The FBI is talking about cyber hiring challenges again. They have hopes of hiring 2,000 new cyber professionals this year. If they have the funds. If they can attract qualified candidates. If they can get existing law changed.

Joseph Demarest, assistant director of the FBI’s cyber division, testified before a House subcommittee that they are developing “creative” staffing programs and engaging in “collaborative partnerships” with private industry.

At a May 22 event, James Trainor, deputy assistant director of the FBI’s cyber division, talked about the creation of a tuition reimbursement program for cyber recruits, a type of ROTC program modeled on one that the NSA operates. The FBI is looking to open its visiting scientist program to cybersecurity specialists, bringing them in for a one year residency.

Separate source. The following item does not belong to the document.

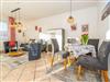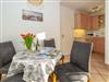 Beim Betreten gelangen Sie über einen einladenden Vorflur in den offenen Wohnbereich, der die Kochnische, das Schlafzimmer und das helle Duschbad/WC umfasst. Der gemütliche Wohnraum ist mit einer 3-Sitzer-Schlafcouch, zwei Sesseln, einem separaten Essplatz sowie Radio, Kabel-TV, Flachbildfernseher und Telefon ausgestattet. Die offene Kochnische verfügt über eine Mikrowelle, ein Cerankochfeld mit vier Kochfeldern, einen Kühlschrank und ein Fenster ? Kaffeemaschine, Wasserkocher und Toaster gehören ebenfalls zur Grundausstattung. Das Schlafzimmer ist mit einem komfortablen Doppelbett eingerichtet, während das Badezimmer über eine Dusche, ein WC und einen Waschtisch verfügt.

Congress will need to act to implement a proposal that would allow FBI employees to take a one year sabbatical in the private sector, and Trainor  promoted that idea in his talk.

The FBI is not one of the “cool kids” in cyber security and investigation. The NSA, the CIA, the DIA and probably some other “As” all offer challenging roles in intelligence gathering and analysis, cyber warfare and other activities that fall under the Top Secret umbrella. The FBI, despite its puffery, has its cyber specialists tracing wire transfers by drug cartels and analyzing banking records of Mafia dons.

cybersecurity salary remains a sticking point

Money is always going to be the main issue. No government agency can offer a qualified cyber professional the salary that a private firm can. The FBI has talked in the past about appeals to patriotism, as well as recognizing that its people are not going to make the FBI a career.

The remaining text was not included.